Given material =
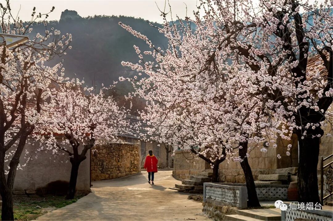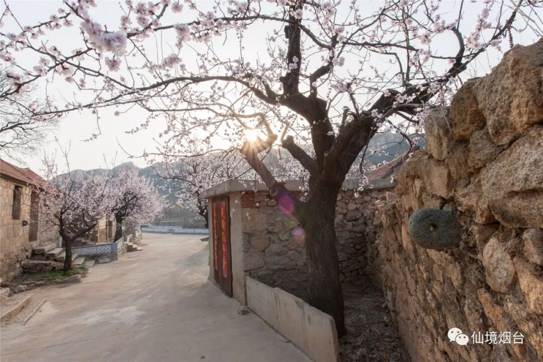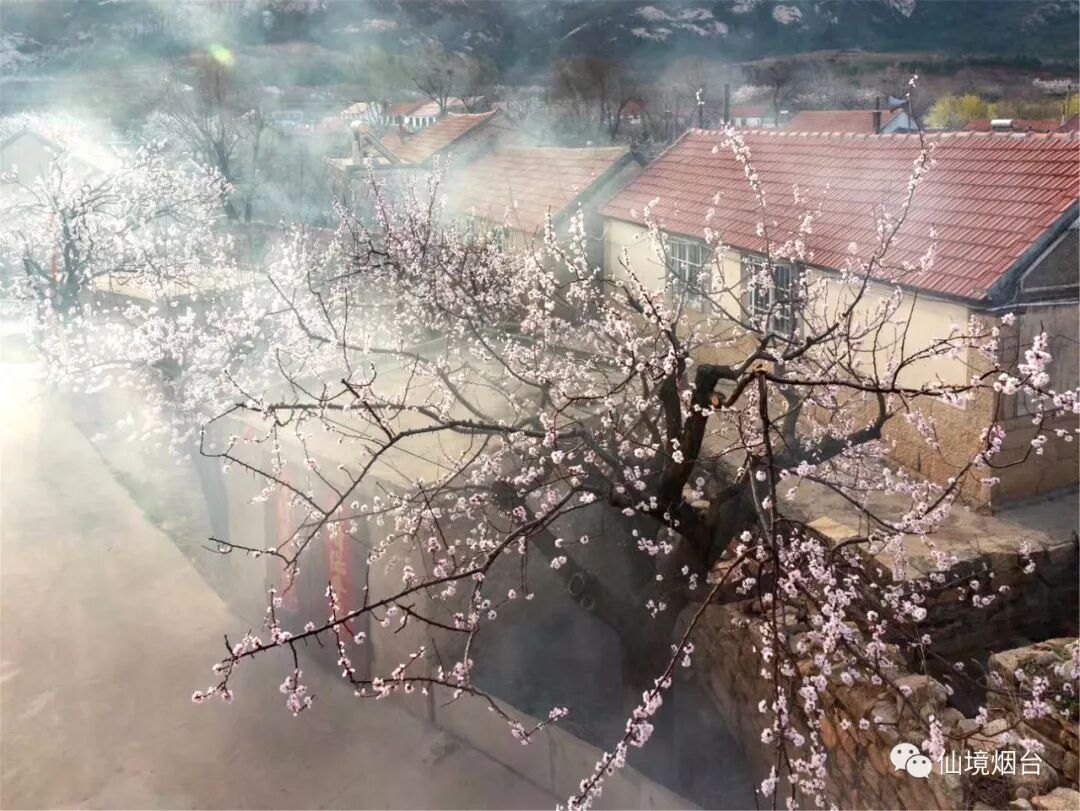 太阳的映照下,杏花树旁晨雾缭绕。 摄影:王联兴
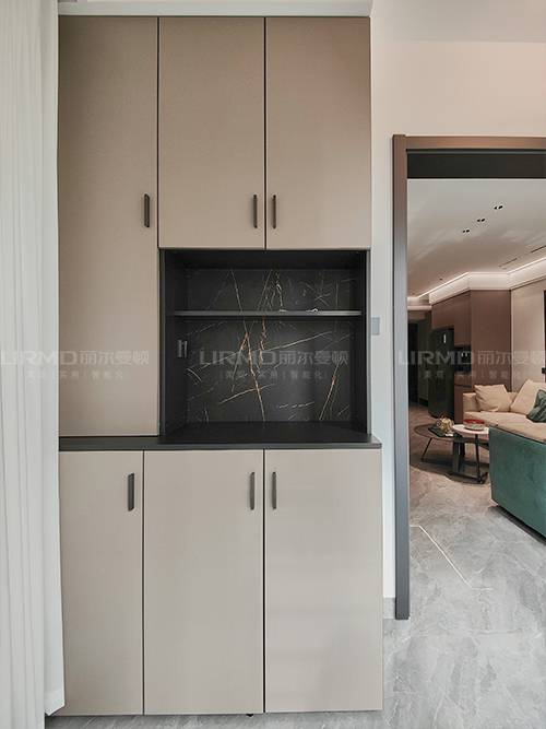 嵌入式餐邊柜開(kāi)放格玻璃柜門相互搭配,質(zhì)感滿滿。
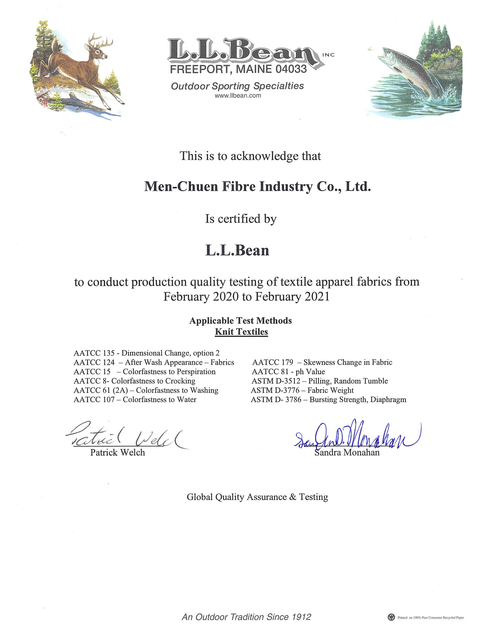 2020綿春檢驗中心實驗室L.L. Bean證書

Exercise brief =
Print the data exactly as written, dropping any images it holds.

Problem solution =
 太阳的映照下,杏花树旁晨雾缭绕。 摄影:王联兴
 嵌入式餐邊柜開(kāi)放格玻璃柜門相互搭配,質(zhì)感滿滿。
 2020綿春檢驗中心實驗室L.L. Bean證書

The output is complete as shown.